By Derek Kravitz
Washington Post Staff Writer
Sunday, December 5, 2010; 6:29 PM
As a 10-year-old girl, red-haired Becky Ianni said she thought Monsignor William T. Reinecke, a newly ordained pastor at the Ianni family's Alexandria church, was gentle and warm. Families vacationed with him, kids loved him and female parishioners thought he was handsome. In the late 1960s, Reinecke gave the Iannis their first color television.
Then, she said, the molestation started in the basement of Ianni's home and in the vestry of the church. She wouldn't speak about the abuse for decades.
"I didn't tell anyone what happened," she said. "I was basically told that I'd go to hell if I did."
Now 53 and living in Burke, Ianni has become a spokeswoman for those who say they've been sexually abused by clergy in the Washington area.
On Sunday, she stood outside the Cathedral of Saint Matthew the Apostle, near M Street and Connecticut Avenue NW, handing out fliers that urge people to talk to their children about sexual abuse.
A Washington Post analysis of priests accused of abuse in the Washington area identified 31 such priests, seven of whom are dead.
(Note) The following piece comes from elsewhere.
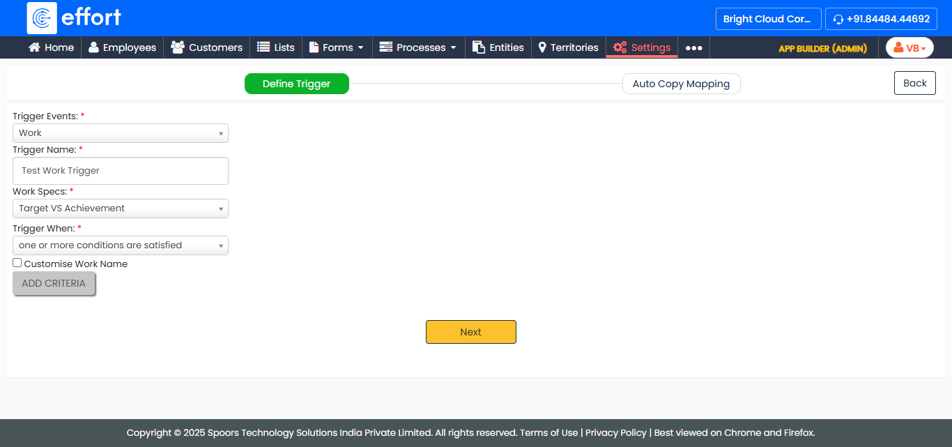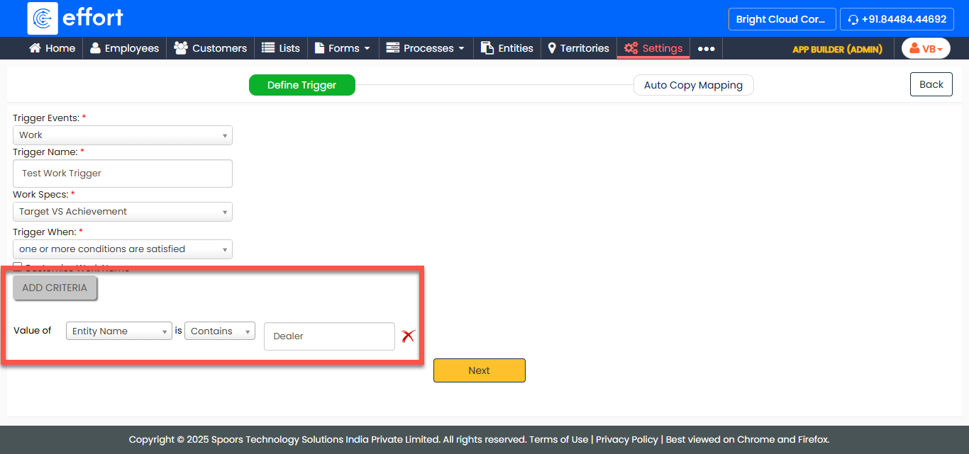 After providing the required details, click Add Criteria to define the conditions for the trigger.

Reinecke was one of those identified.
After beginning his career at St. Mary, Reinecke served at parishes in Annandale, Arlington County and Falls Church. For 13 years, he was chief executive officer, second to the bishop in charge of the Arlington diocese's 56 parishes and about quarter of a million parishioners.
In 1992, a former altar boy confronted Reinecke after a Mass. The man, a mental health counselor, gave Reinecke his business card and urged him to resign and get help.
Two days later, the priest, then 53, checked into a retreat house in Berryville, Va., west of Loudoun County. Long suffering from depression, Reinecke took a shotgun that he had bought in Warrenton and walked into a field, where he shot himself.
After his death, the mental health counselor and another male parishioner came forward with abuse allegations involving Reinecke, saying the priest had fondled and sexually abused them during overnight trips to Williamsburg in the late 1960s.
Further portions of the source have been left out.